# EXERCISE PROMPT:
With the line containing "Schmetterlinge, die zu" as the final line, restate exactly every line of the data below from the first one onward, and copy no pictures.

# Records contained in a dataset:
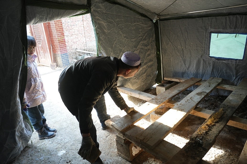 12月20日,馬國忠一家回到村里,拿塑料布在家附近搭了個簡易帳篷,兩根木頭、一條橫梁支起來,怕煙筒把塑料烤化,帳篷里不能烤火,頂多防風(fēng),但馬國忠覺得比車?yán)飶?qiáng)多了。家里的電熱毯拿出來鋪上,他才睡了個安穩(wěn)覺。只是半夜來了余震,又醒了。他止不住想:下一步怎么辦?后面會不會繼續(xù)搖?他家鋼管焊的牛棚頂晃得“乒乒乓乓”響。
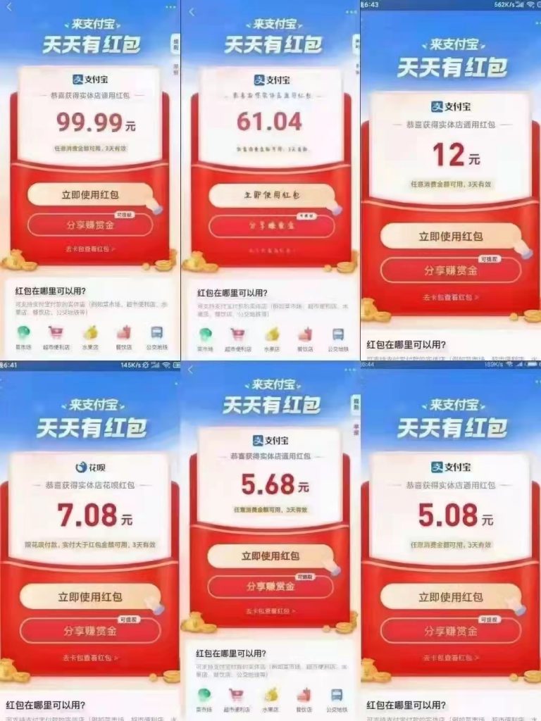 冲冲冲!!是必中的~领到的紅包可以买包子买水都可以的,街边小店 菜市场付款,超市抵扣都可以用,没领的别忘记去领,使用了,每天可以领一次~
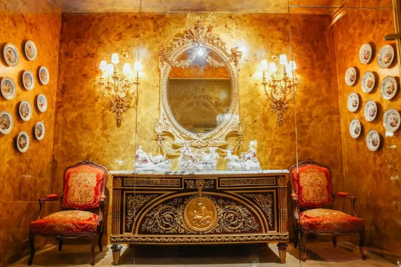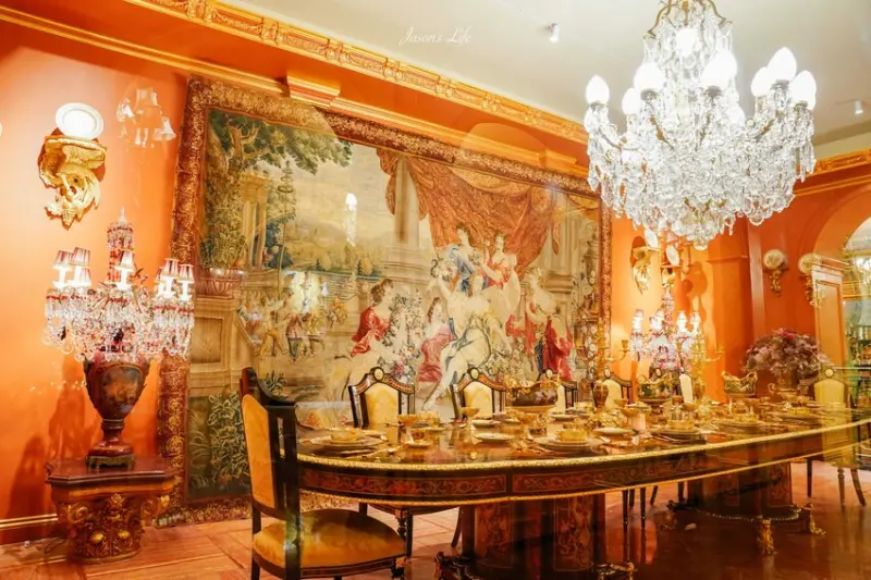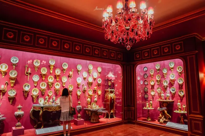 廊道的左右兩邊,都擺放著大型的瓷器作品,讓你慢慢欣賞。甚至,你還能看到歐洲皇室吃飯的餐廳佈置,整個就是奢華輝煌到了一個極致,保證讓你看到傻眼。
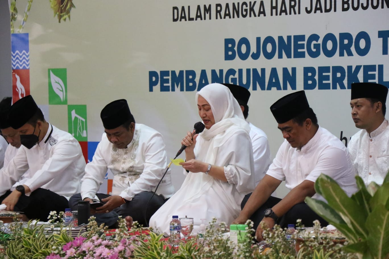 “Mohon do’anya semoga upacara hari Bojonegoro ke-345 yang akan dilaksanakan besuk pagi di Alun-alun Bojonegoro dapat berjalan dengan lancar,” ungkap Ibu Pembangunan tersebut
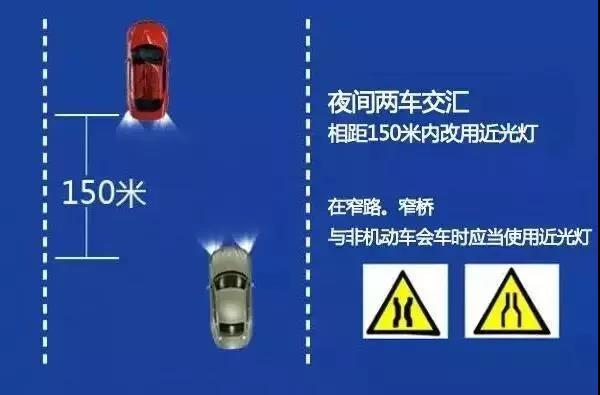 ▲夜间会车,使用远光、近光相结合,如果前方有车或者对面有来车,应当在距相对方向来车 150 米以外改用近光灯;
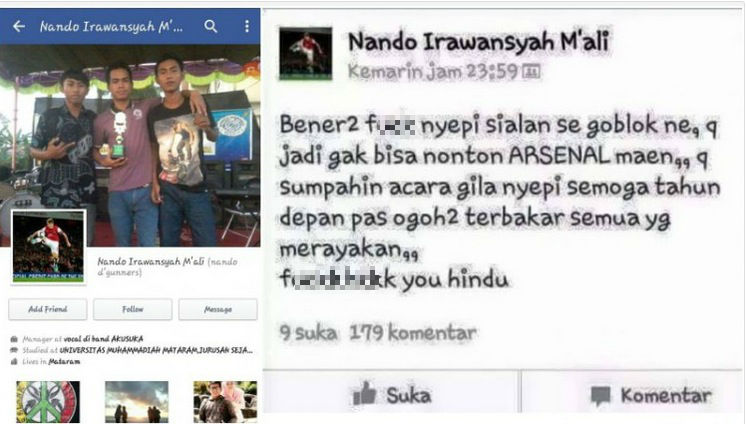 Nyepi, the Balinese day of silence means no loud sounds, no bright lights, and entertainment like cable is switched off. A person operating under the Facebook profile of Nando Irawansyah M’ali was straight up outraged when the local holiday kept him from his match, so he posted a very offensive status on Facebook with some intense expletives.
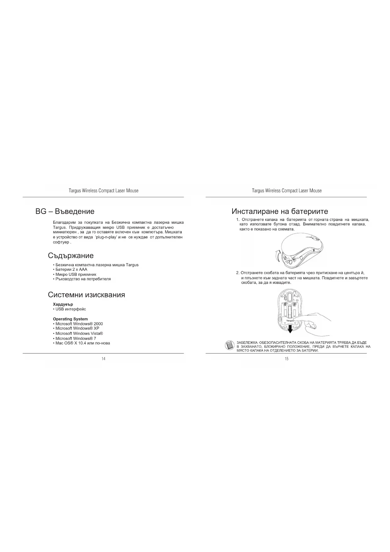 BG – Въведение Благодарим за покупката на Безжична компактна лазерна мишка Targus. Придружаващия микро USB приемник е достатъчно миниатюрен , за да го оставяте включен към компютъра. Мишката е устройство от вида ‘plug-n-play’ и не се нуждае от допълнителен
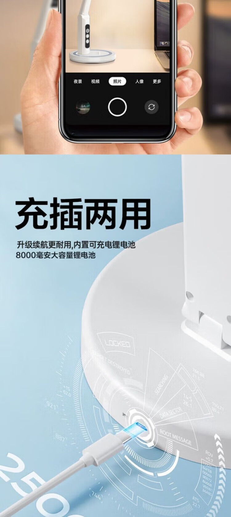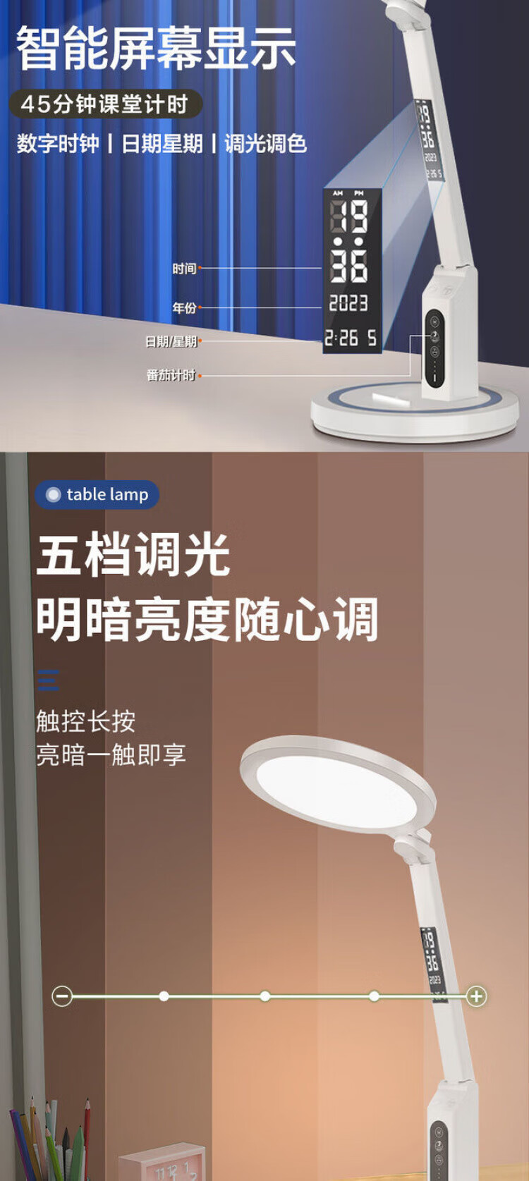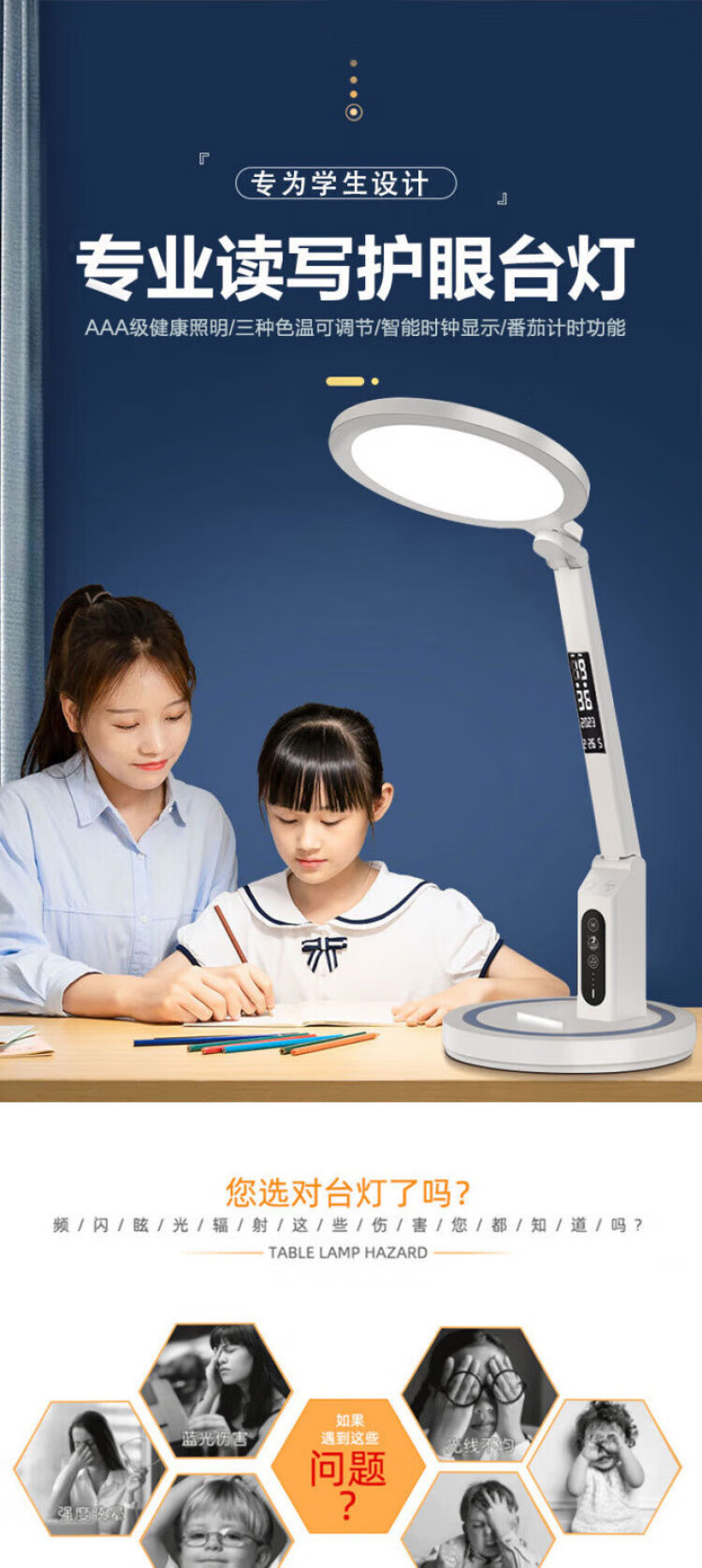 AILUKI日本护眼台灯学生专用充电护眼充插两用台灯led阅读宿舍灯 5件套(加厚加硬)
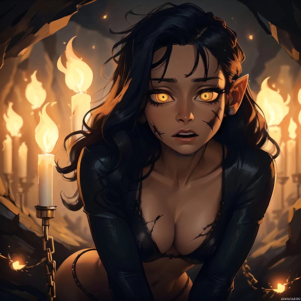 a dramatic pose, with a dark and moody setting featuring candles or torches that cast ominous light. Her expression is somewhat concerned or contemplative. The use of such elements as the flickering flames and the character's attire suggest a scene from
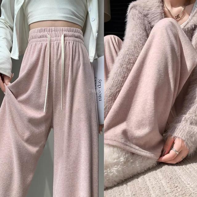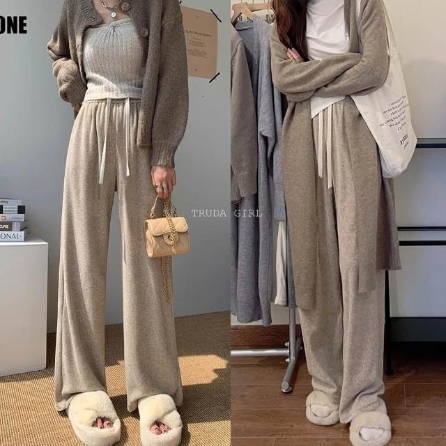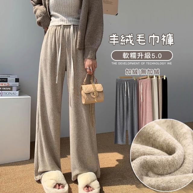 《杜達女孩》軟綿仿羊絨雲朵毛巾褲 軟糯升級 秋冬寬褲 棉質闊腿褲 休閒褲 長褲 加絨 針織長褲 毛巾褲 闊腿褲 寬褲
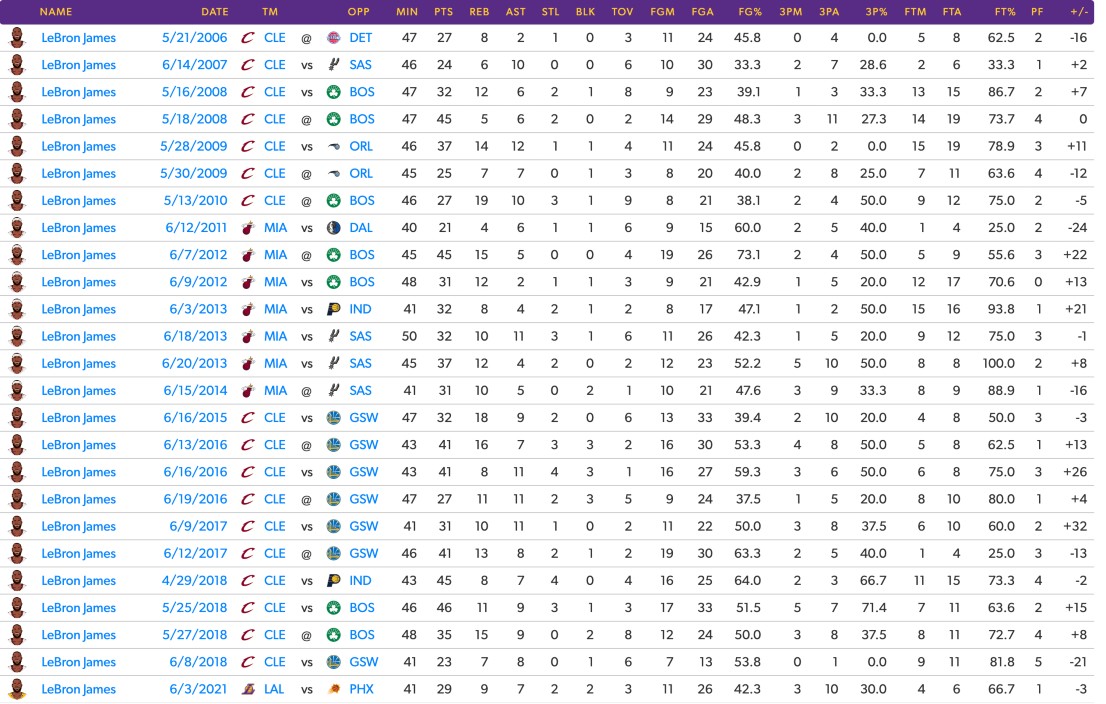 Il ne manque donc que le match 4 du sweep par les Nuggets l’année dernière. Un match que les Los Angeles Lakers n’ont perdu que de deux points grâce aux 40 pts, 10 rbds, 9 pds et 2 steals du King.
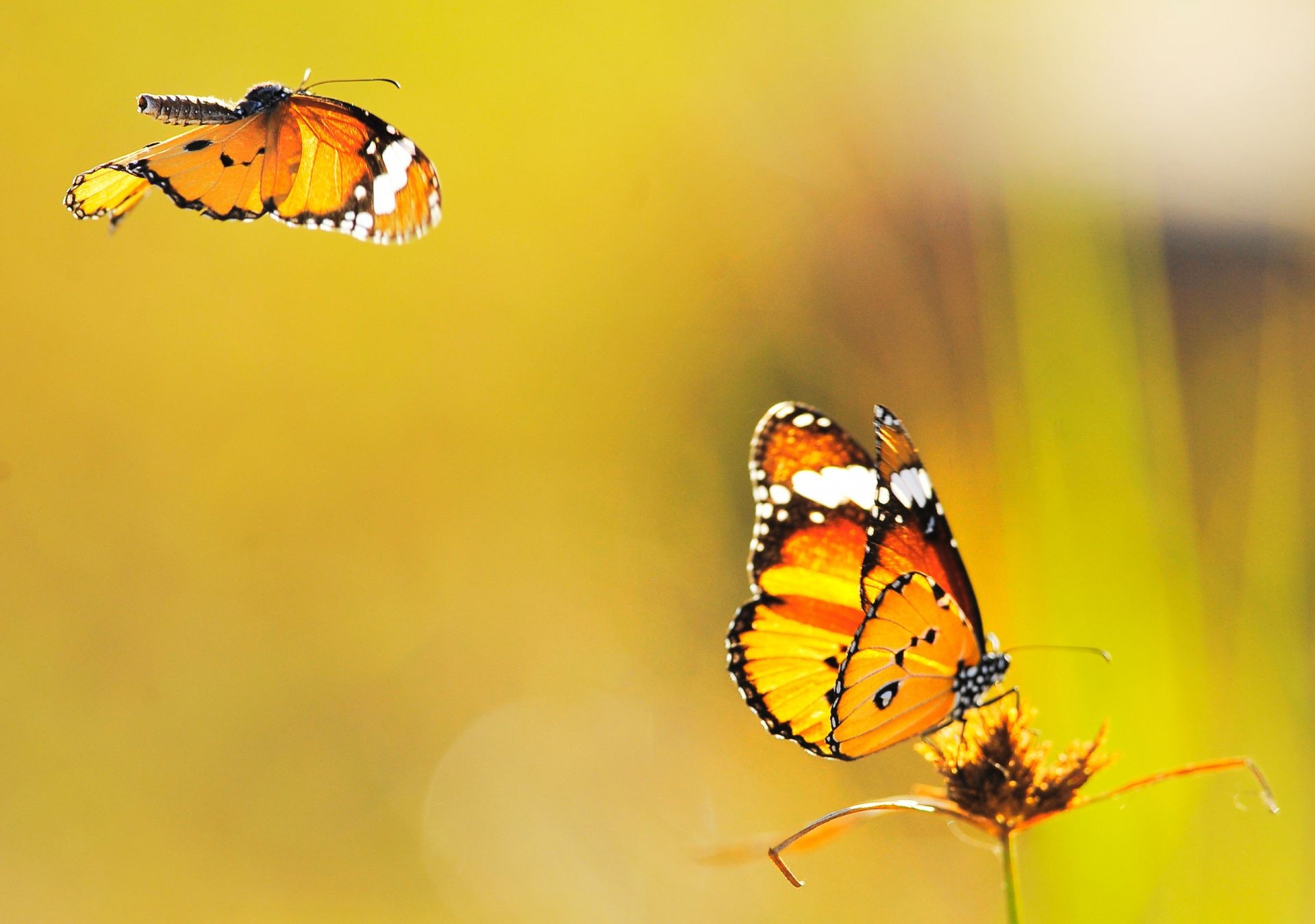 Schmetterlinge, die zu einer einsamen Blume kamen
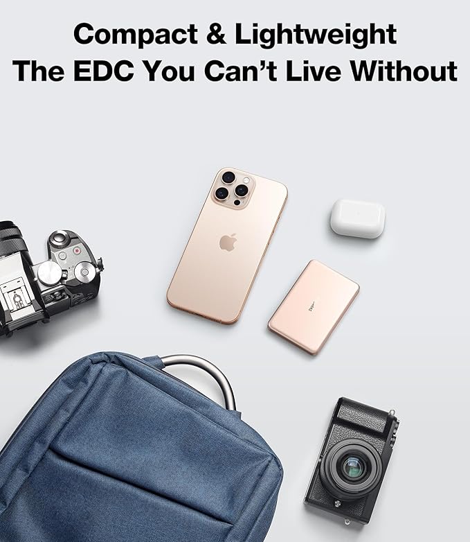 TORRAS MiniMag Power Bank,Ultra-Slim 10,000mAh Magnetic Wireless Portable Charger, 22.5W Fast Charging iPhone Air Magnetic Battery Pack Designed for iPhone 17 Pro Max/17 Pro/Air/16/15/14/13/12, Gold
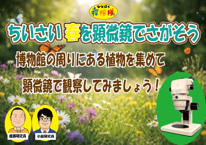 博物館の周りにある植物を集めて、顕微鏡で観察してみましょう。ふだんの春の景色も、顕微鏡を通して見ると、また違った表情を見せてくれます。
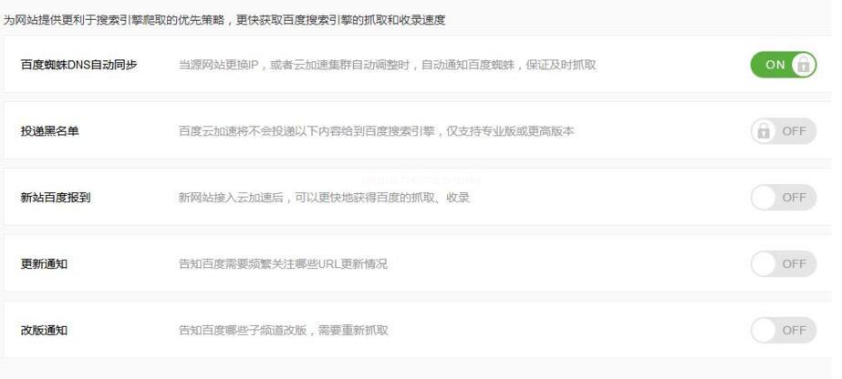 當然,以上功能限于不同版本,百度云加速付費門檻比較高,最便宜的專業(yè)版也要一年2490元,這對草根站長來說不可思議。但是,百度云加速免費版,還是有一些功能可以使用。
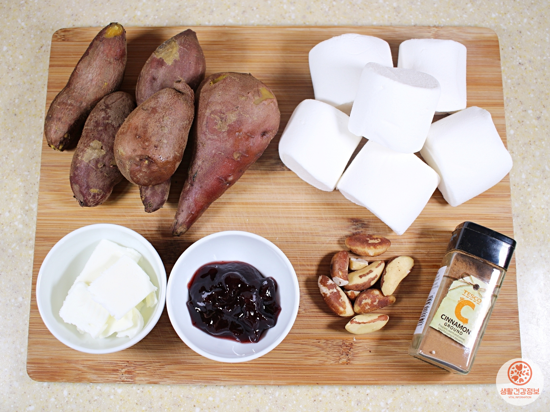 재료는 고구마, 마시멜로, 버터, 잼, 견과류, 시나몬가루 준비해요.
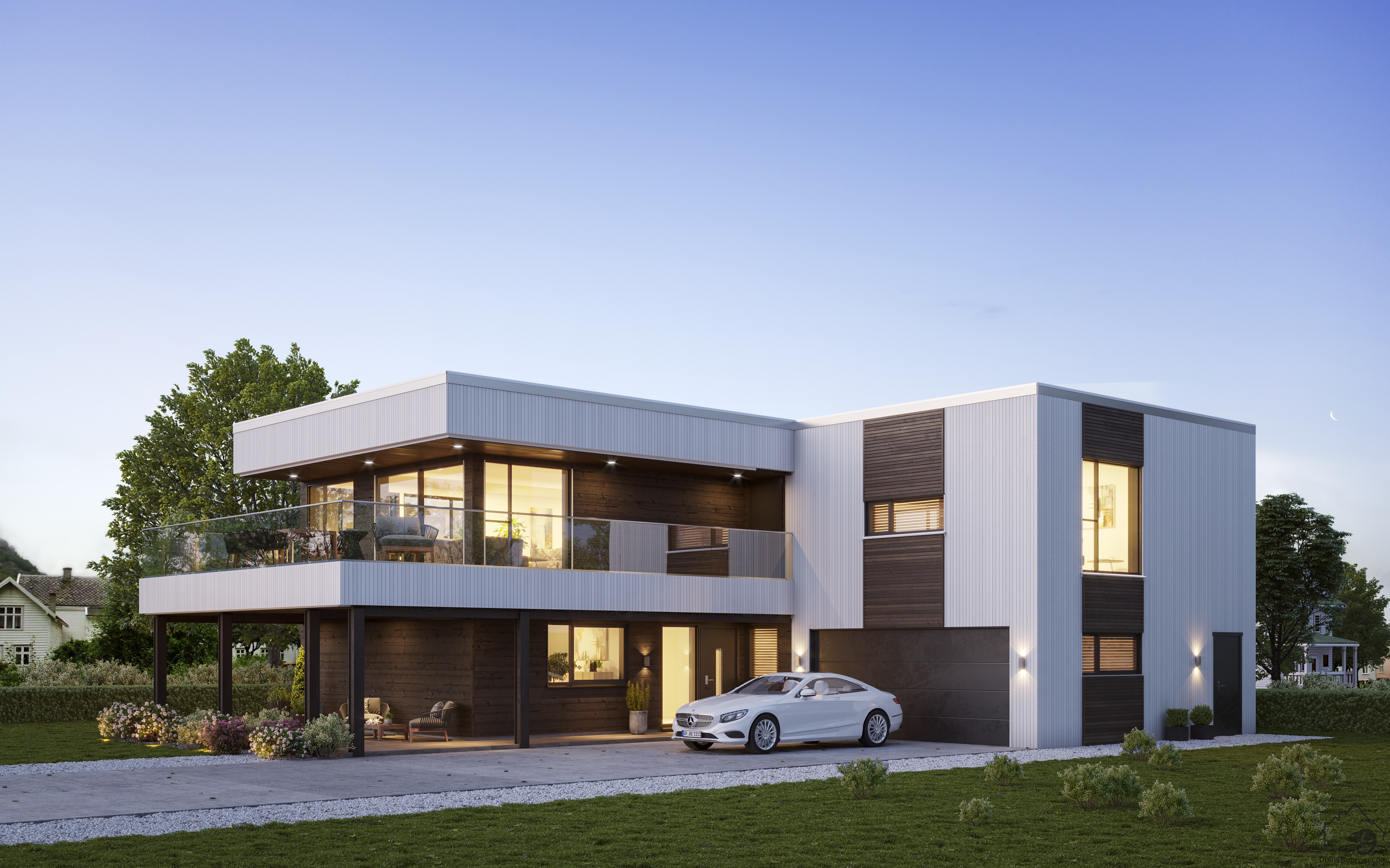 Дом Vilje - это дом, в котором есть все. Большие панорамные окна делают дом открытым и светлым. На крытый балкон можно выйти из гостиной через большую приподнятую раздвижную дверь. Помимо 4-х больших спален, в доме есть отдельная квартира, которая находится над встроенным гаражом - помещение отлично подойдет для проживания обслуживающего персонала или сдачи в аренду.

# SOLVED EXERCISE:
 12月20日,馬國忠一家回到村里,拿塑料布在家附近搭了個簡易帳篷,兩根木頭、一條橫梁支起來,怕煙筒把塑料烤化,帳篷里不能烤火,頂多防風(fēng),但馬國忠覺得比車?yán)飶?qiáng)多了。家里的電熱毯拿出來鋪上,他才睡了個安穩(wěn)覺。只是半夜來了余震,又醒了。他止不住想:下一步怎么辦?后面會不會繼續(xù)搖?他家鋼管焊的牛棚頂晃得“乒乒乓乓”響。
 冲冲冲!!是必中的~领到的紅包可以买包子买水都可以的,街边小店 菜市场付款,超市抵扣都可以用,没领的别忘记去领,使用了,每天可以领一次~
 廊道的左右兩邊,都擺放著大型的瓷器作品,讓你慢慢欣賞。甚至,你還能看到歐洲皇室吃飯的餐廳佈置,整個就是奢華輝煌到了一個極致,保證讓你看到傻眼。
 “Mohon do’anya semoga upacara hari Bojonegoro ke-345 yang akan dilaksanakan besuk pagi di Alun-alun Bojonegoro dapat berjalan dengan lancar,” ungkap Ibu Pembangunan tersebut
 ▲夜间会车,使用远光、近光相结合,如果前方有车或者对面有来车,应当在距相对方向来车 150 米以外改用近光灯;
 Nyepi, the Balinese day of silence means no loud sounds, no bright lights, and entertainment like cable is switched off. A person operating under the Facebook profile of Nando Irawansyah M’ali was straight up outraged when the local holiday kept him from his match, so he posted a very offensive status on Facebook with some intense expletives.
 BG – Въведение Благодарим за покупката на Безжична компактна лазерна мишка Targus. Придружаващия микро USB приемник е достатъчно миниатюрен , за да го оставяте включен към компютъра. Мишката е устройство от вида ‘plug-n-play’ и не се нуждае от допълнителен
 AILUKI日本护眼台灯学生专用充电护眼充插两用台灯led阅读宿舍灯 5件套(加厚加硬)
 a dramatic pose, with a dark and moody setting featuring candles or torches that cast ominous light. Her expression is somewhat concerned or contemplative. The use of such elements as the flickering flames and the character's attire suggest a scene from
 《杜達女孩》軟綿仿羊絨雲朵毛巾褲 軟糯升級 秋冬寬褲 棉質闊腿褲 休閒褲 長褲 加絨 針織長褲 毛巾褲 闊腿褲 寬褲
 Il ne manque donc que le match 4 du sweep par les Nuggets l’année dernière. Un match que les Los Angeles Lakers n’ont perdu que de deux points grâce aux 40 pts, 10 rbds, 9 pds et 2 steals du King.
 Schmetterlinge, die zu einer einsamen Blume kamen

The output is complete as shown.